Before:                          After:
├── expver=0001                  └── expver=0001/0002
│   ├── param=1                      ├── param=1
│   └── param=2                      └── param=2
└── expver=0002
    ├── param=1
    └── param=2

Phase 2: Pruning Empty Nodes

After merging, some nodes may have empty coordinate sets (their values were absorbed by a sibling). These empty nodes are pruned from the tree.

Phase 3: Deduplication

A final pass deduplicates any nodes that became structurally identical after merging. This is done by recomputing structural hashes and collapsing identical siblings.

Hash Caching

Structural hashes are cached in each node using an AtomicU64. The cache is invalidated (set to 0) whenever a node or any of its ancestors are modified. This ensures hashes are recomputed lazily only when needed, making repeated compression operations efficient.

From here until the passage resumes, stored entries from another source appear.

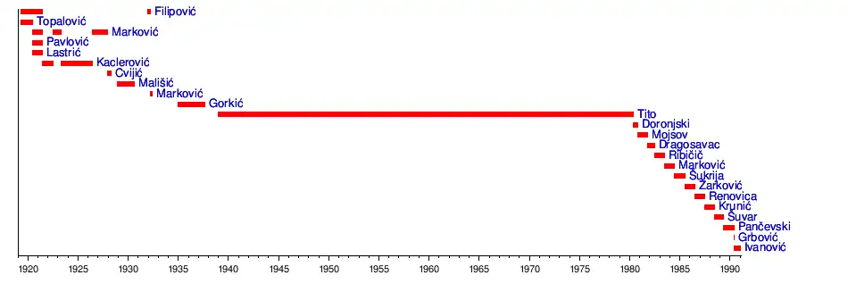 The 2nd Congress, convened on 20–25 June 1920, renamed the party the Communist Party of Yugoslavia (CPY). It also established the office of president of the Central Council, which existed alongside the offices of secretary and technical secretary until the party's banning in 1921.[4] The ban forced the party underground, and a new leadership headed by Triša Kaclerović was established by the 6th Session of the Central Council of the 2nd Congress, held on 2–3 June 1921.[5] An indirect consequence of the ban was that the offices of president and technical secretary were abolished. At the 3rd CPY Congress, held on 17–22 May 1926, the secretaryship was named political secretary while the Central Council was renamed the Central Committee. From then on, the party leader's formal title was political secretary of the party Central Committee. With the party facing fierce troubles during the 1920s and early 1930s, the leadership was continually reorganised by the Communist International (Comintern). On 8 December 1936, the Executive Committee of the Comintern decided to designate the incumbent political secretary, Milan Gorkić, as general secretary of the CPY Central Committee.[6] The name change informally consolidated Gorkić's powers, in part because the Soviet communist party was headed by a general secretary. Gorkić held the post for less than a year due to being recalled to the Soviet Union in the middle of 1937, where he was accused of counter-revolutionary activities and executed by state authorities.[7]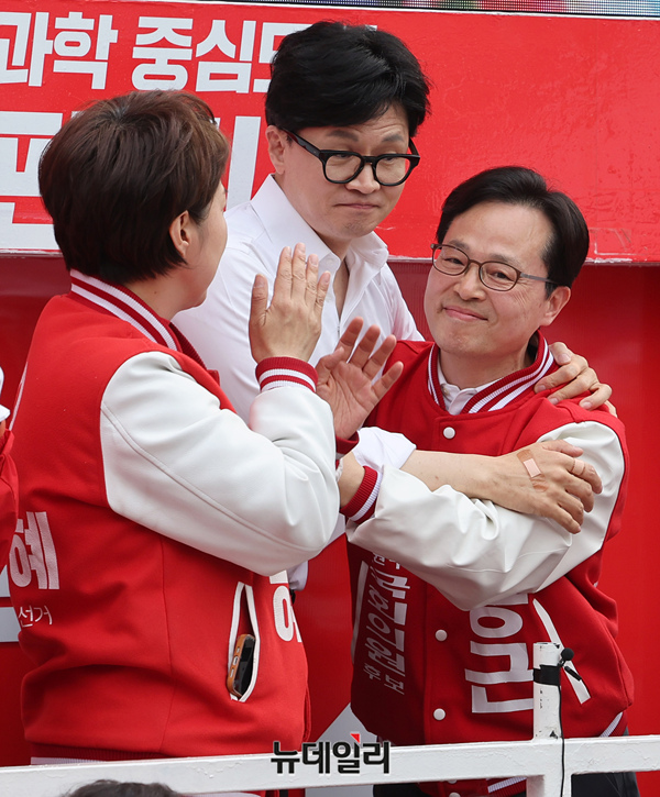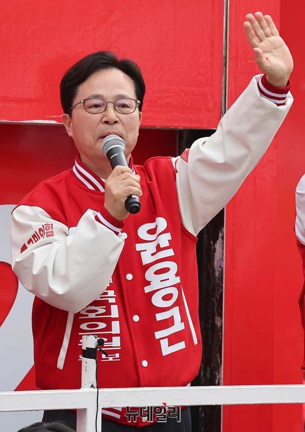 윤용근 국민의힘 성남중원 후보가 4.10 국회의원선거 2일을 남겨둔 8일 오후 경기 성남시 야탑광장에서 열린 집중유세에서 지지호소를 하고 있다. 이날 유세장을 찾은 한동훈 총괄선대위원장은 수도권 일대를 돌며 막바지 표심잡기에 나서고 있다. (경기 성남=정상윤 기자)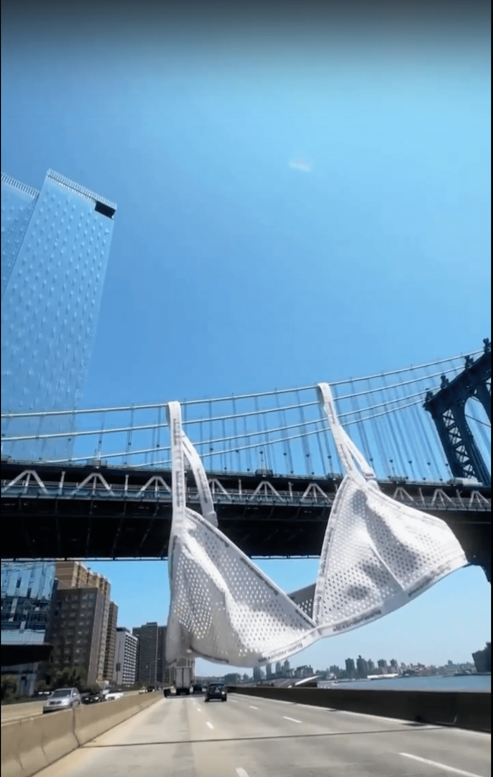 Очень реалистичным кажется видео с огромным бюстгальтером, который висит на мосту в Нью-Йорке. Но это снова CGI и реклама бренда Alexander Wang Underwear.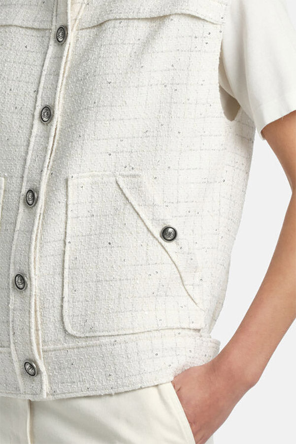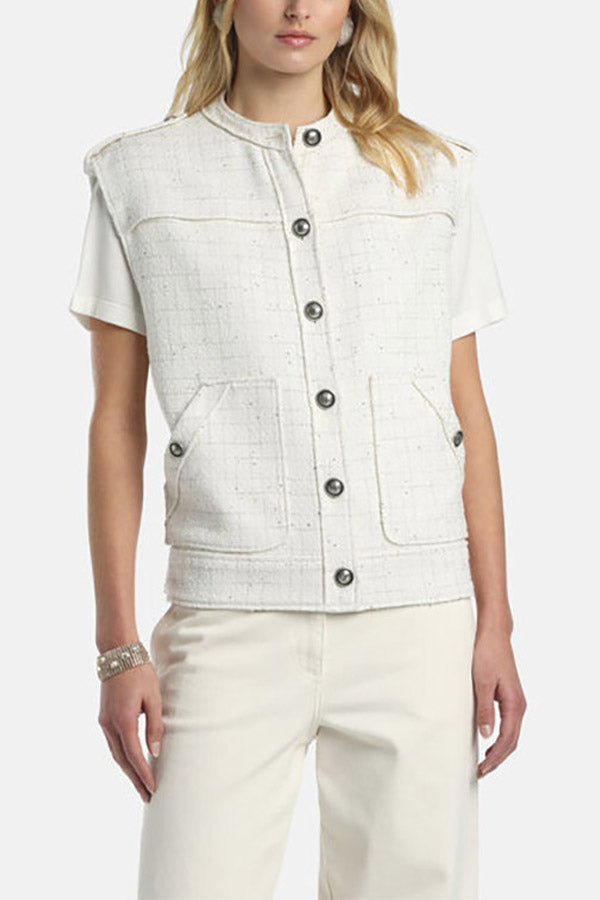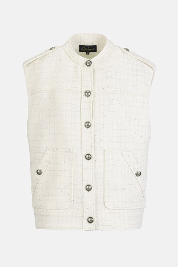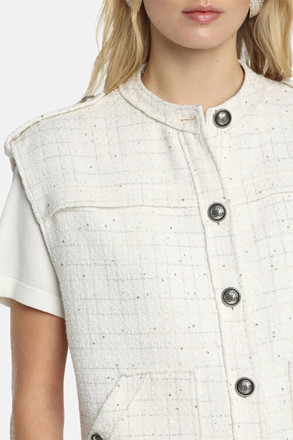 Bon-ton bouclé vest with a striped pattern enhanced with lurex threads, a round neckline, shoulder tabs with buttons, adjustable hem tabs, and silver-tone "LS" heraldic buttons. Regular fit.

The append / Union Workflow

When two Qubes are merged via append:

  1. The two root nodes are paired and node_merge is called recursively.
  2. At each level, children are grouped by dimension and the internal set operation produces the three partitions (just_A, intersection, just_B).
  3. For the intersection partition, new nodes are created and children are recursively merged.
  4. For just_B partitions, subtrees are copied from the other Qube into self.
  5. After all merging is complete, compress() is called to re-compress the result.

The append_many method optimizes merging many Qubes by batching: it performs intermediate compression every 500 Qubes to prevent unbounded tree growth.